Они настоящей войны не нюхали.
— Мне жаль твоего хозяина, — сказал я.
— А, чего уж теперь жалеть, — махнул рукой слуга. — Повезло еще.
Могли вообще заведение спалить. Тогда куда? Только милостыню просить, а
кто ж подаст? И без того калеки на каждом углу… Только он мне не
хозяин. Он мой зять.
— Вот как? — удивился я. — Мне показалось, он старше тебя.
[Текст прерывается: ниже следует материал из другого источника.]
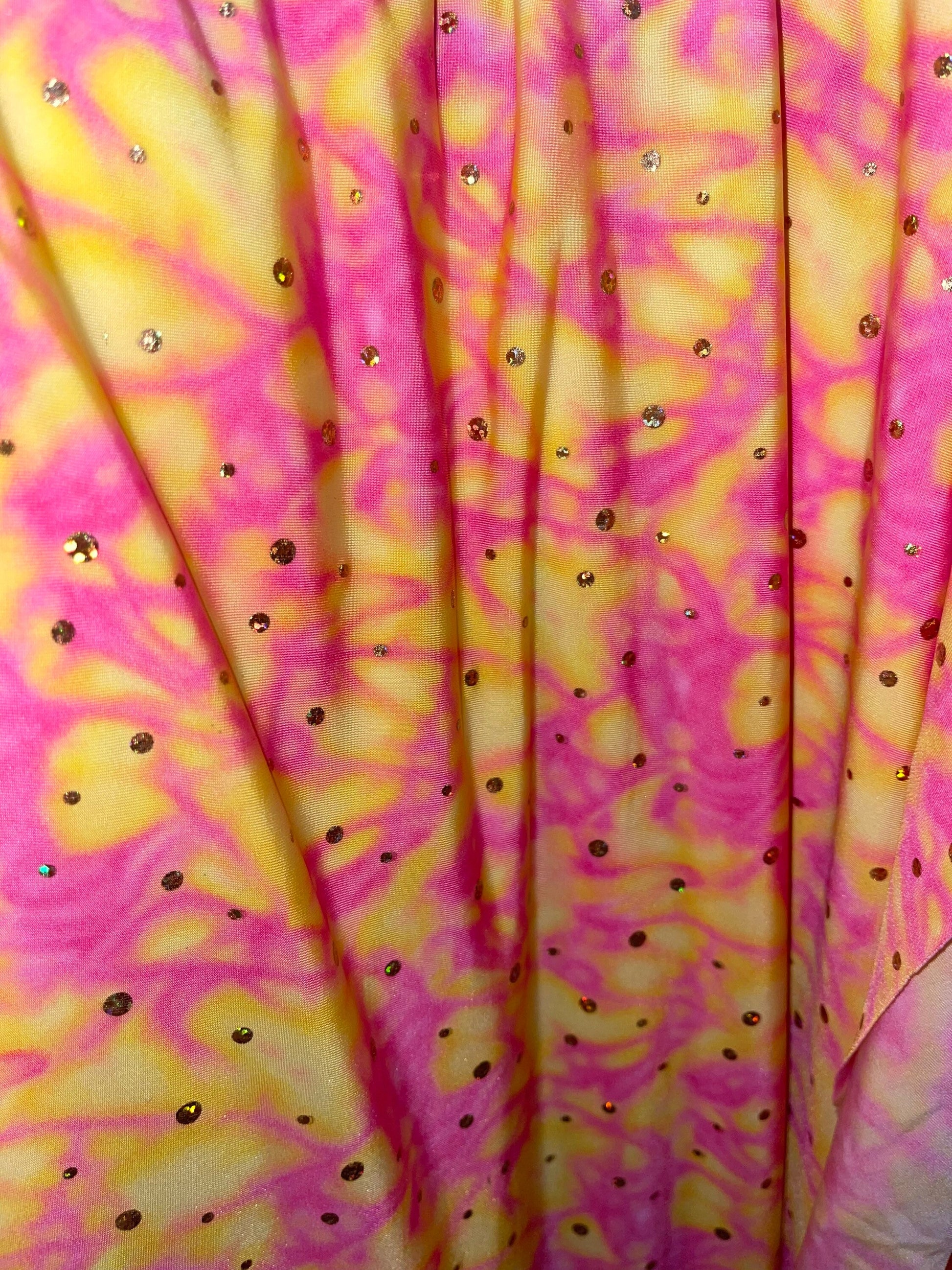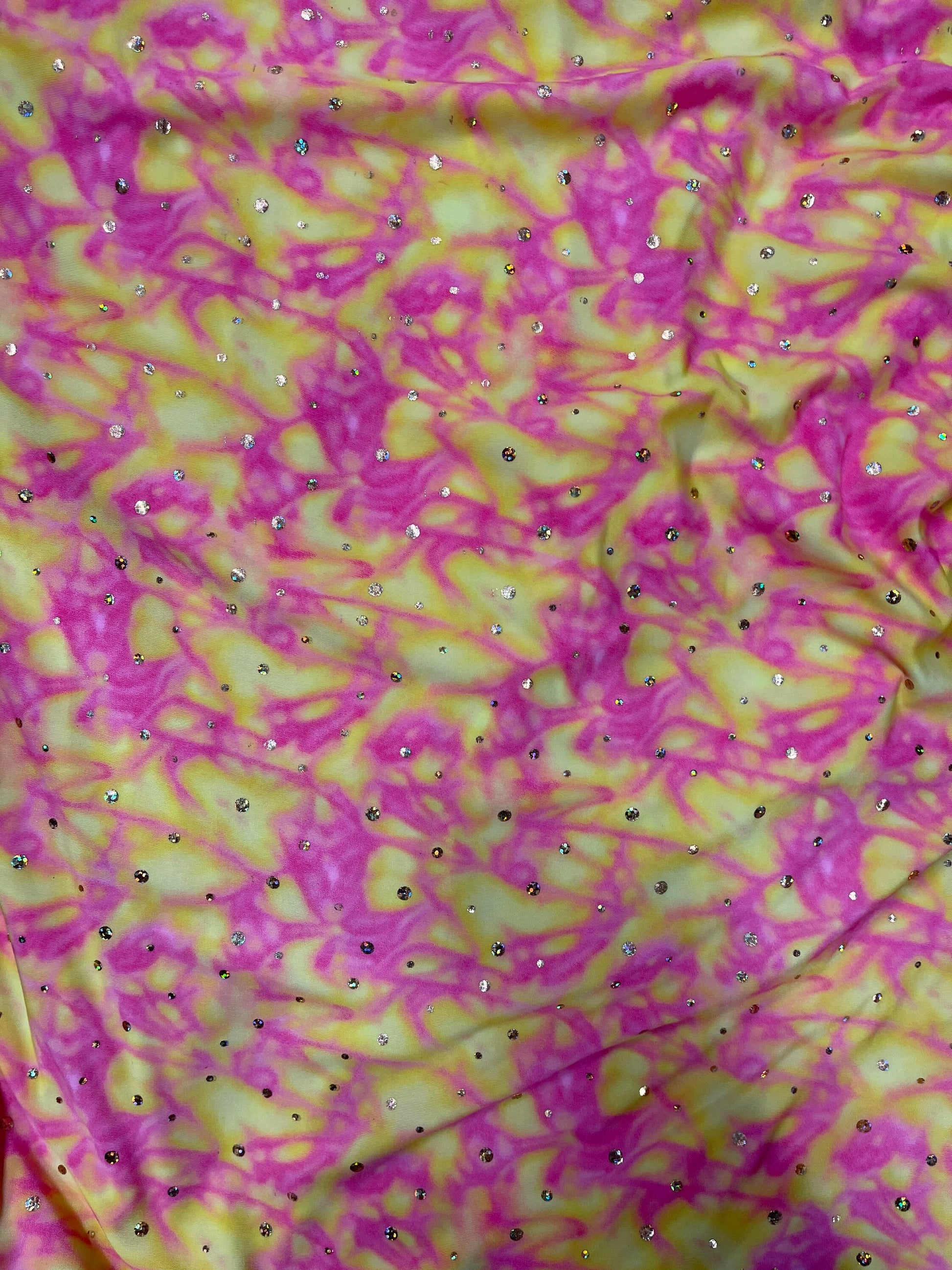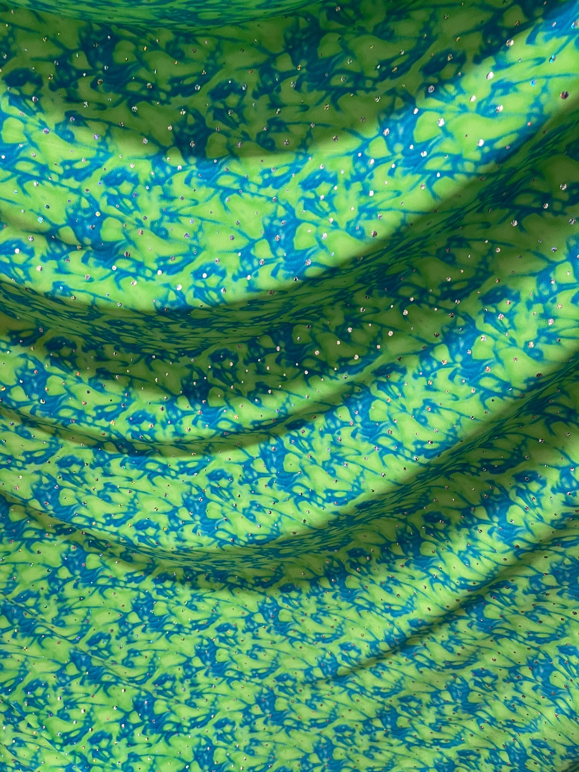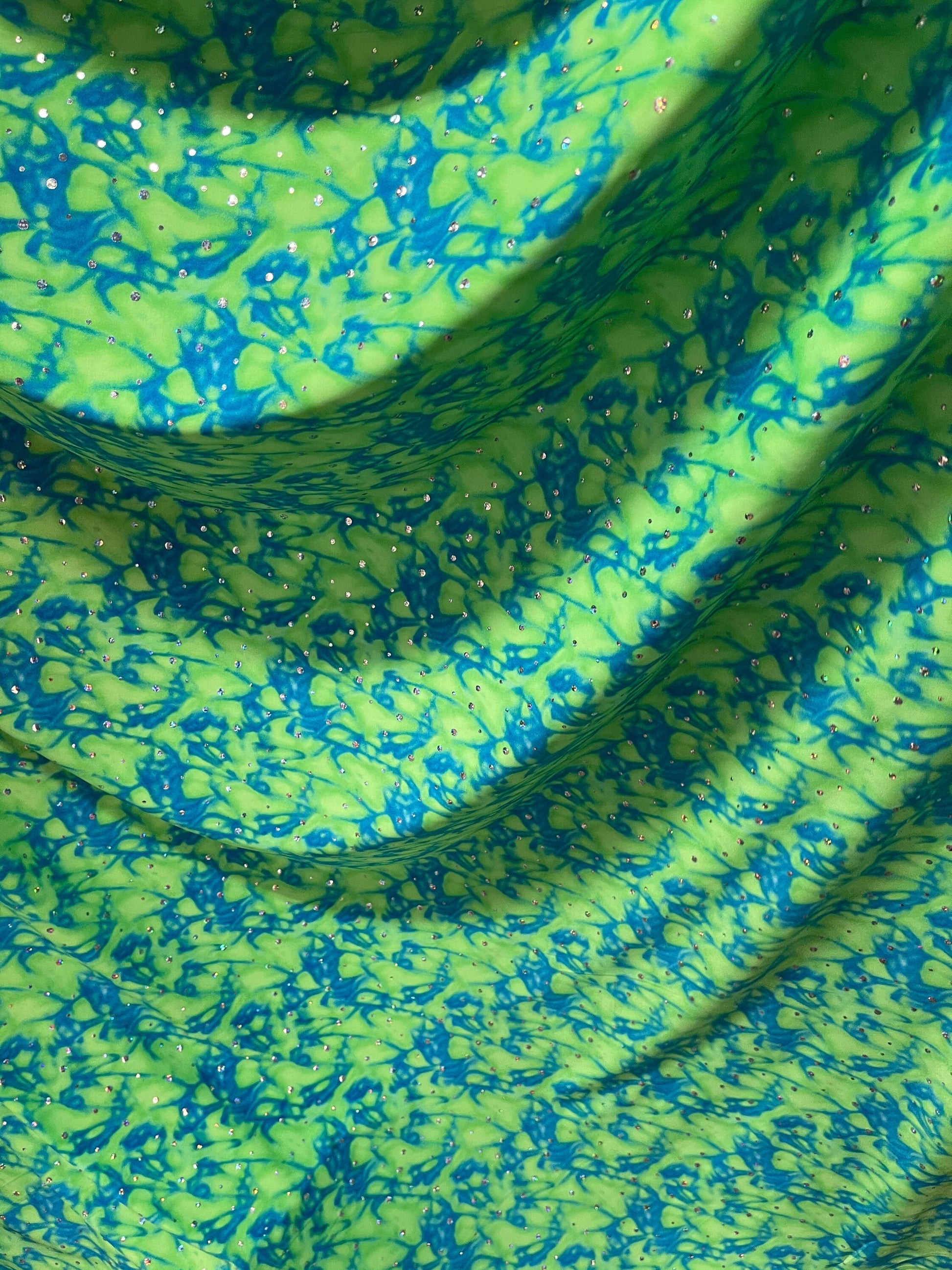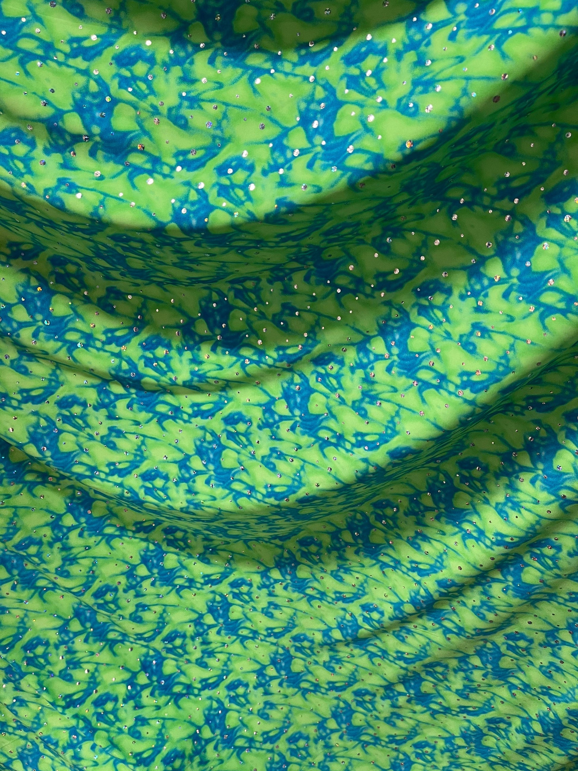 Water design Blue/green & Pink/yellow color print nylon spandex with hologram sequins 4-way stretch 58/60” Sold by the YD. Ships Worldwide From Los Angeles California USA.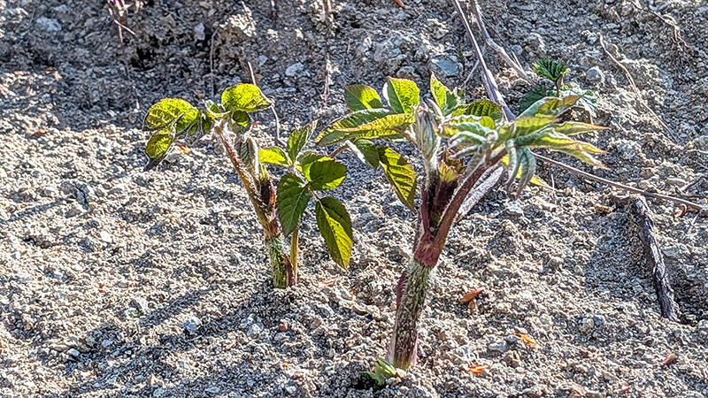 八雲町にて 日当たりの良い斜面を探すと細いながらウドが顔を出していた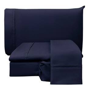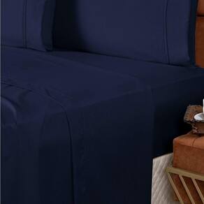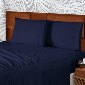 Jogo De Lençol King Confort Micropercal 300 Fios Toque De Algodão 4 Peças - Marinho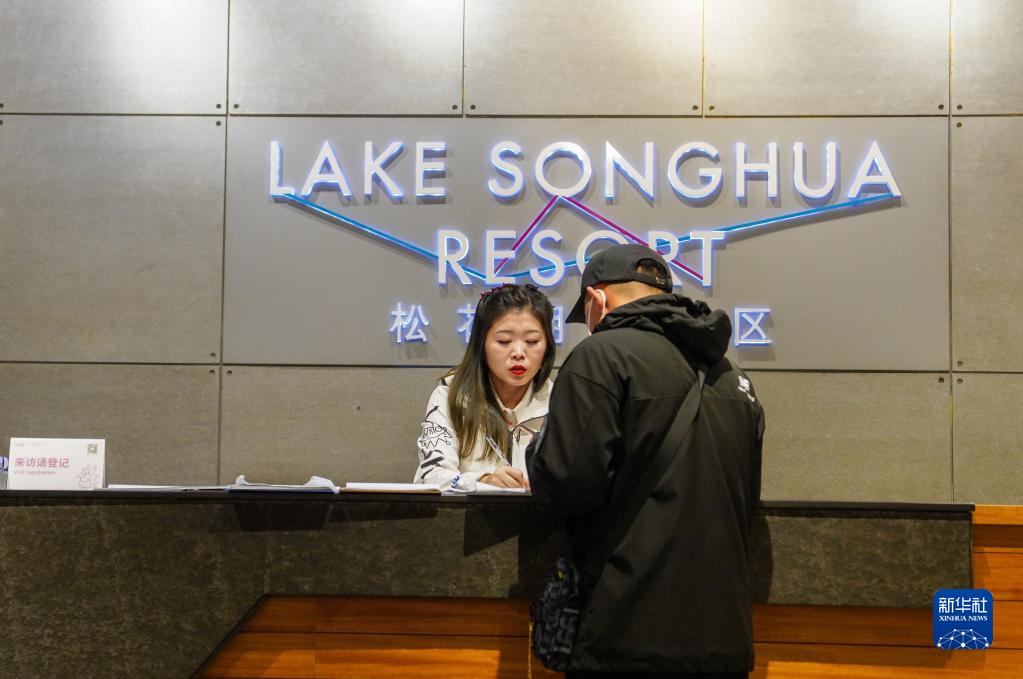 王爽(左)在吉林市萬科松花湖度假區前臺與客人交流(11月20日攝)。吉林市萬科松花湖度假區的前臺接待人員王爽家住在滑雪場山腳下的豐滿區段吉村。三年前,她辭去了在城里的工作,選擇來到距家里只有7公里的滑雪場工作?!氨┊a業前景廣闊,能把我們留在家鄉?!蓖跛f。

— Ну да. А что ж я, девку за молодого обормота выдавать буду, у
которого что в голове, что в кармане — ветер? Который сегодня по бабам
бегает — бабы-то нынче до этого дела голодные, мужиков на всех не
хватает — а завтра вообще на войне сгинет и жену брюхатой бросит? Нет
уж, тут человек солидный, с собственным делом. А что языка и руки нет,
так детей не руками делают…
— И дети, значит, есть?
— Нету, — вновь помрачнел тесть трактирщика. — Третий уже мертвым
родится.
— При таком возрасте отца это неудивительно, — констатировал я.
Он посмотрел на меня, как всегда смотрят на человека, говорящего
неприятную правду, и пробурчал:
— Заболтался я с вами. Плату извольте внести.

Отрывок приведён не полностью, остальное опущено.